In addition, the temporary stacking unit 30 may further comprise a damper 380 on which the medium passing through the first transfer roller 312 and the second transfer roller 318 is collided.
At this time, a portion of the second plate 350 is positioned lower than the stocking surface 302 and the remaining portion of the second plate 350 is overlapped with the damper 380 in a state where the second plate 350 is rotated so that temporary stacking medium is prevented from being caught into the second plate 350. Although it is not illustrated, a groove or slot may be formed on the damper 380 for preventing from being interfered with the second plate 350.
Fig. 6 is a view illustrating a process during which the medium is temporarily stacked according to an embodiment, and Fig. 7 is a view illustrating a process in which the temporary stacking medium is separated according to an embodiment.
First, referring to Fig. 2 and Fig. 6, the medium may be accepted into the medium receiving space of the medium depositing and withdrawing unit 13, for deposit transactions for the medium. The medium accepted into the medium receiving space may be separated one by one by means of the medium separation device. The medium separated one by one passes through the discrimination unit 20.
The temporary stacking medium M determined as a normal medium of the mediums that passes through the discrimination unit 20 is transferred along the first path 304 and is stacked to the stacking space 303 by means of the first transfer device 310.
The second guide 370 and the first guide 340 may position at the stacking standby position for the temporary stacking medium.

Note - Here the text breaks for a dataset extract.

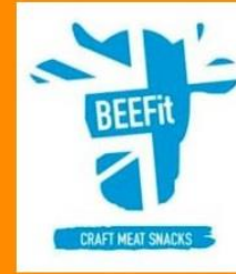
Coast to Capital Growth Grant recipient

"Completion of our new factory is a business changing step for us which we would not have been able to achieve without the grant from Coast to Capital."

In the stacking standby position, the second plate 350 maintains at the state rotated about the first plate 342. At this time, the second plate 350 is disposed to be inclined at a predetermined angle relative to the vertical line and thus guides the temporary stacking medium M which is transferred by means of the first transfer device 310. The angle between the second plate 350 and the stacking surface 302 may be the acute angle that is smaller than 90 degree.
At this time, since the friction portion 348 that is provided on the first plate 342 is not projected from the second plate 350, the stacking defect by the temporary stacking medium M being in contact with or is collided with the friction member 348 is generated may be prevented.
The second guide 370 may move in the direction away from the first guide 340 (in a left direction in Fig. 6) when the number of the temporary stacking medium M that is stacked in the stacking space 303 is increased.
The second guide 370 and the first guide 340 moves into the separation standby position as in the Fig. 7 in order to separate the temporary stacking medium M, when temporarily stacking of the temporary stacking medium M in the stacking space 303 is completed.
The second guide 370 and the first guide 340 may move toward the second transfer device 320 (toward the left direction on the drawing) so that the second guide 370 and the first guide 340 is moved from the stacking standby position to the separation standby position.
Since the second guide 370 and the first guide 340 moves in a state where the temporary stacking medium M is positioned between the second guide 370 and the first guide 340, the second guide 370 and the first guide 340 may be moved at a same speed with each other in order to prevent from falling down the temporary stacking medium M.
The second plate 350 is overlapped with the first plate 342 by an elastic force of the elastic member 356 by the first guide 340 being away from the rotating guide 360 during the process in which the first guide 340 moves to the separation standby position.
The friction portion 348 is in contact with the temporary stacking medium (the medium that is disposed on the outermost right side on the drawing) which is most lastly introduced into the stacking space 303 of the temporary stacking mediums M by the projecting portion 346 having the friction portion 348 passing through the second plate 350 during the process in which the second plate 350 is overlapped with the first plate 342.
The second plate 350 may be substantially perpendicular to the stacking surface 302 in a state that the second plate 350 is overlapped with the first plate 342.
The temporary stacking medium M may be spaced apart with the second guide 370 moved to the separation standby position being not interfered with the pick-up roller 322.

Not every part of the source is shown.